Electromotive drug administration utilizes a small electric current flowing across the bladder wall between two electrodes, one on the skin and one placed inside the bladder via catheterization, to enhance permeability of aqueous solutions. Electromotive drug administration best enhances ionized formulations, which diffuse poorly using standard passive diffusion. This allows it to potentially assist in the delivery of many drugs that usually perform poorly in the bladder without having to change their formulations heavily. Across multiple studies and clinical trials electromotive drug administration has been shown to increase the uptake of many drugs, showing potential use in bladder cancer, urinary incontinence, urinary cystitis and pain management. Cost of local anesthesia for bladder distention using electromotive drug administration in combination with lidocaine has been shown to be cheaper and more practical than general anesthesia or spinal anesthesia.
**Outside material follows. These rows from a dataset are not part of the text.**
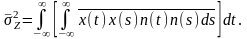 Произведем усреднение под знаком интеграла и заменим квадрат интеграла произведением двух одинаковых интегралов.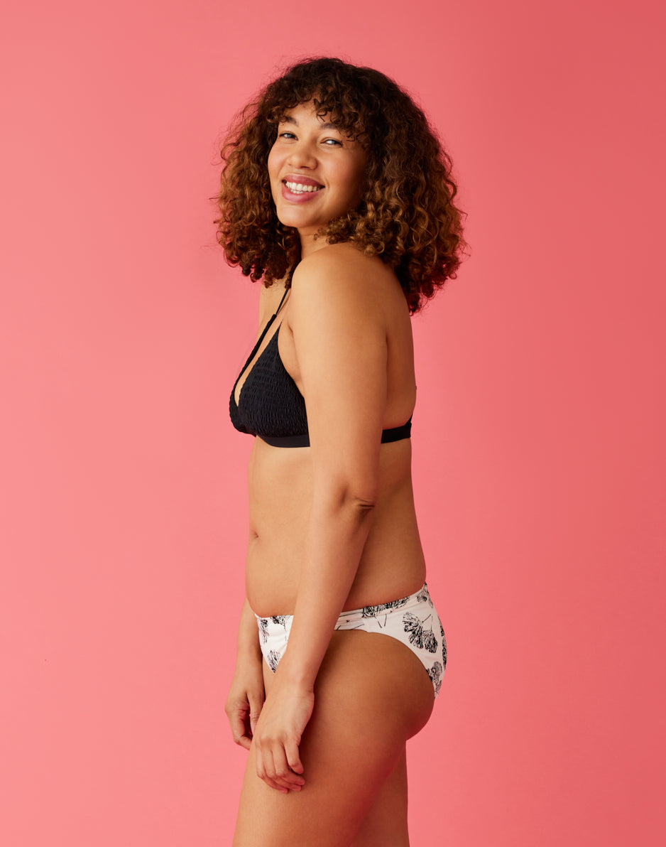 Classic with a twist. In a smocked material made from recycled polyester, the Gigi is a sweet selection for all the sun-kissed days ahead.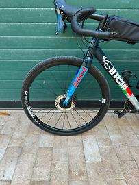 Gravel Cinelli Zydeco . Ottime condizioni . Usata prevalentemente su strada e su strade bianche . Taglia 56 (L) adatto per altezza 173-183. Gruppo Shimano Grx, telaio alluminio, forcella in carbonio. TELAIO: Alluminio FORCELLA: Carbonio CAMBIO: Shimano Grx 10V, 11-32T GUARNITURA: Shimano Grx, 46x30T, FRENI: Shimano Grx, Hydr. Disc Brake (160/160). Effettuato piccolo upgrade come visibile in foto con cambio cerchi Dt Swiss G 1800 Tubless Ready e dischi Shimano . Non spedisco. Ritiro Rimini e zone vicine . Formula visto e piaciuto .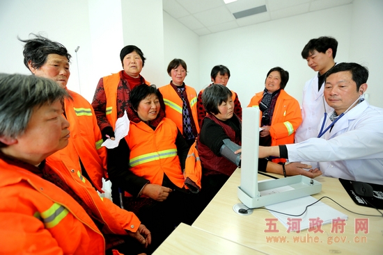 2月26日,五和医院的医护人员忙着给环卫工人体检。自当日开始,该院为城区200多名环卫工人提供免费体检服务,为每位环卫工人建立健康档案,并根据每个人的身体状况,进行健康评估,合理指导他们就医治疗和健康保健。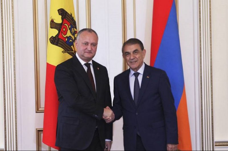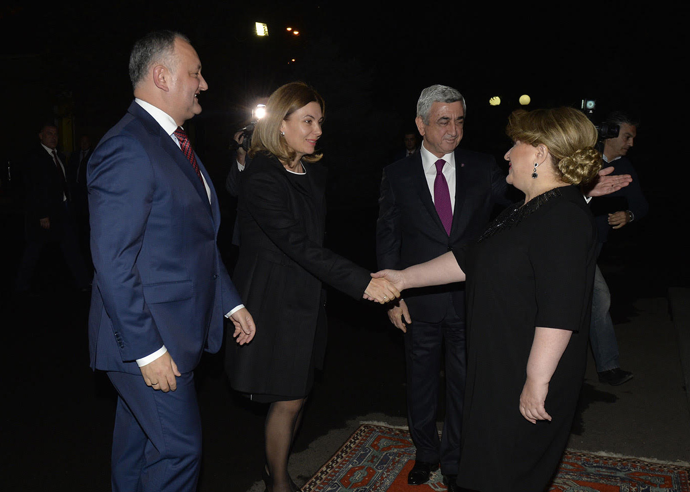 ოფიციალური ვიზიტით სომხეთში მყოფი მოლდოვის პრეზიდენტი იგორ დოდონისთვის დღეს პრეზიდენტ სერჟ სარგსიანის სახელით ოფიციალური მიღება გაიმართა.

====Chemically enhancing permeability====

To enhance the permeability of the bladder wall, specifically the urothelium, to drugs administered locally to the bladder four chemical agents are most commonly used: DMSO, protamine sulphate, Hyaluronidase, and chitosan. DMSO is already widely used to directly treat urinary cystitis due to its anti-inflammatory and antibacterial properties. DMSO can penetrate tissues without causing any damage to them. This property of DMSO made it of particular interest as a chemical enhancer and it has been shown to increase the uptake of several chemotherapeutics used intravesically. Protamine sulphate causes disruption to the mucus layer of the urothelium and can cause large disruption of bladder permeability which can be modified by adding defibrotide. Hyaluronidase breaks down Hyaluronic acid, a GAG molecule important to the mucin layer, causing enhanced permeability of the mucin layer to drugs administered concurrently with hyaluronidase. Conversely, hyaluronic acid can be used to treat interstitial cystitis as it helps to repair damaged mucin layers. Chitosan is thought to function as a permeability enhancer by binding to the mucin layer and negatively affecting tight junctions between umbrella cells in the urothelium. It has been shown that chitosan increases bladder wall permeability but its effectiveness as a permeability enhancer decreases as calcium ion concentration increases. Chemically enhancing bladder permeability can lead to negative side effects such as incontinence, pain, and uncontrolled leakage of molecules other than intended drug from the urine into the bladder wall.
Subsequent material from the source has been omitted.